For the sesame & chilli oil (optional)

  • 1 tbsp Cooks’ Ingredients Chilli & Garlic Sauce
  • 2 tbsp toasted sesame oil
  • 1 tbsp sesame seeds

Method

  1. Preheat the oven to 200ºC, gas mark 6, and bake the Scotch eggs according to pack instructions. Combine the sesame and chilli oil ingredients, if using, in a small bowl, then set aside.

  2. Cook the noodles according to pack instructions. Drain, then drizzle and toss with a little sesame oil. Set aside.

  3. To make the broth, bring the stock to the boil in a saucepan, simmer for 5 minutes, then turn off the heat. In a separate bowl, whisk together 2 tbsp soy sauce, the miso, tahini and soya drink in a small bowl – this is the flavour base for the broth.
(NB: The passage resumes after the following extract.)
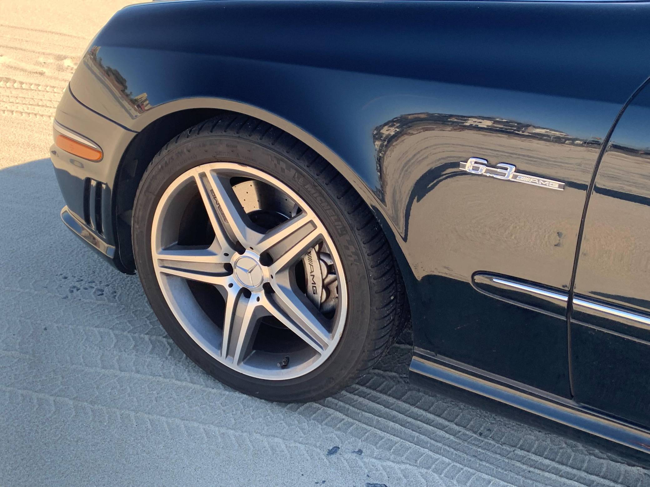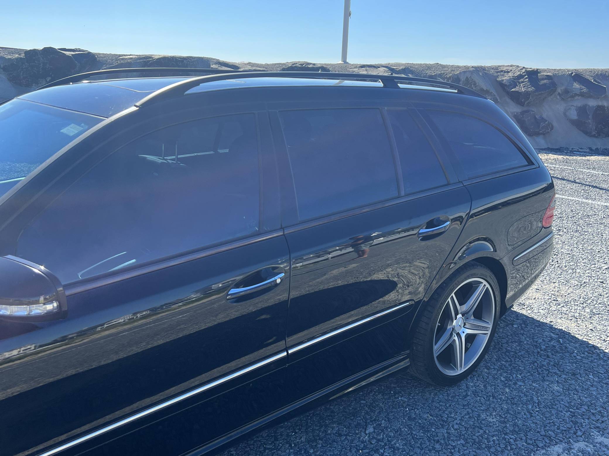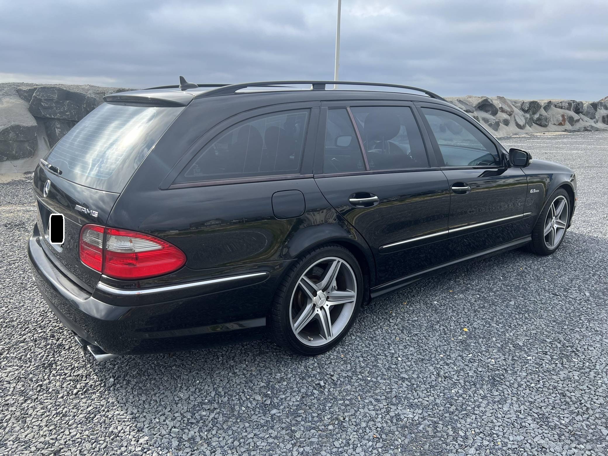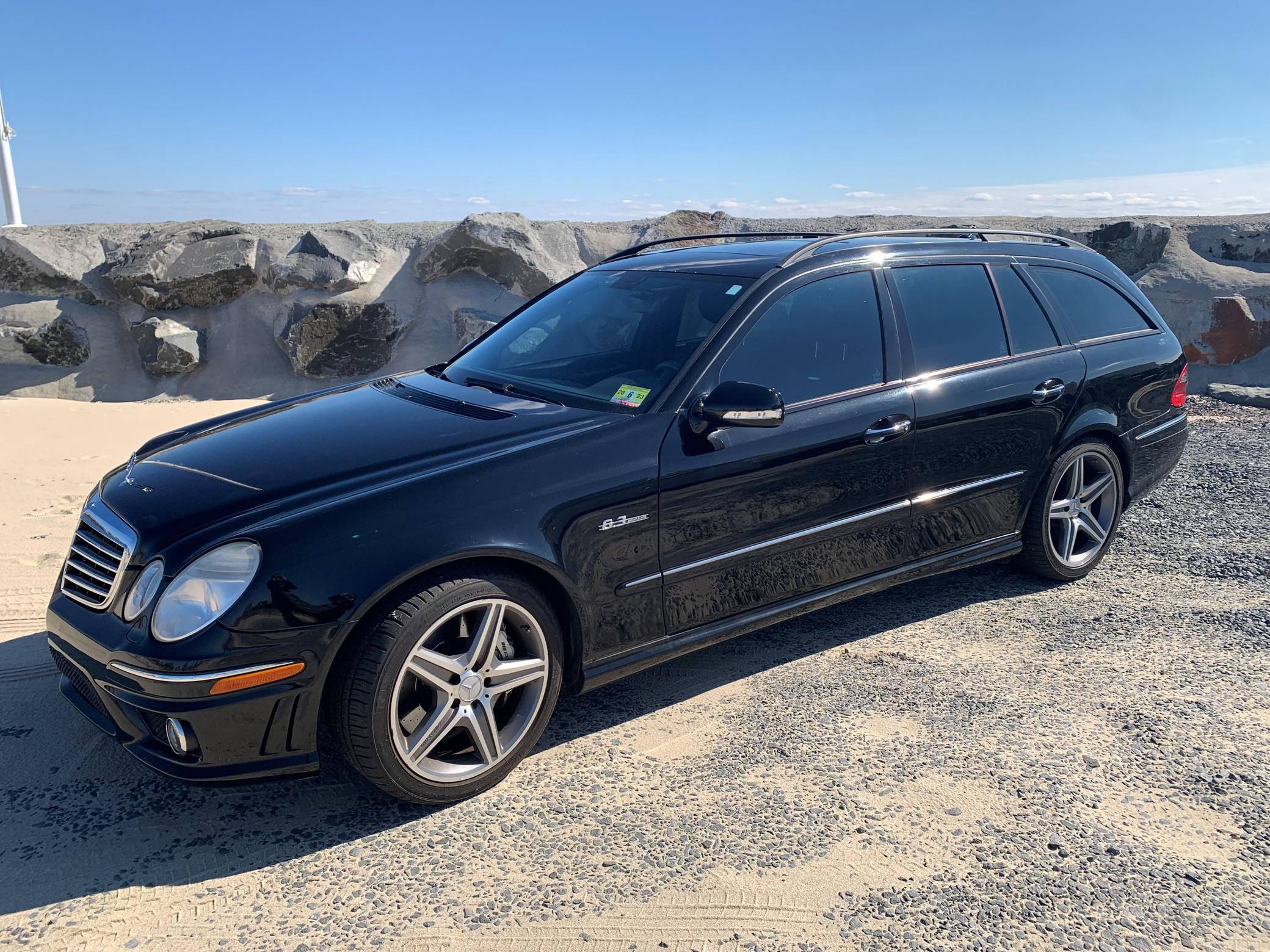 2009 Mercedes-Benz E63 AMG Wagon, finished in black with a black interior. Factory equipment includes the 18-inch wheels, Airmatic air suspension, the AMG Styling Package, a power sunroof, leather upholstery, heated, cooled, and power-adjustable multi-contour front seats, a rear-facing third-row seat, rear door sunshades, and a power tailgate. Modifications reported by the seller are limited to a Stargard GPS tracking system and tinted windows. According to the seller, the head bolts have been replaced on this E63 under previous ownership. Service documentation in the gallery shows that a shop checked the head bolts in December 2020 and performed additional maintenance including a B-Service. A Vehicle Master Inquiry (VMI) report is also included in the photo gallery. In the United States, the "S211" E63 AMG wagon was a special-order model that Mercedes-Benz didn't list in its factory literature; MBUSA didn't even display the model on its official website. Only 153 units were sold in the US between the 2007 and 2009 model years, according to the company. Power comes from an "M156" 6. 2-liter V8, rated at 507 horsepower and 465 lb-ft of torque. Output is sent to the rear wheels through a 7-speed automatic transmission.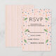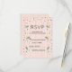 A simple RSVP card with pink and gold stripes in the background. Pink blue and orange confetti (just an image not real) sprinkled around with little green leaves along the side.

  4. Fry the mushrooms in 1 tbsp sesame oil over a medium heat for 3-4 minutes until softened, then add the soy sauce and cook for 2 minutes more until reduced.

  5. Add the beansprouts to the stock and bring to the boil. Whisk in the flavour base mix and 200ml water, then turn off the heat. It’s important not to let this boil once the tahini mix goes in, otherwise it will split. Add more soy sauce to taste.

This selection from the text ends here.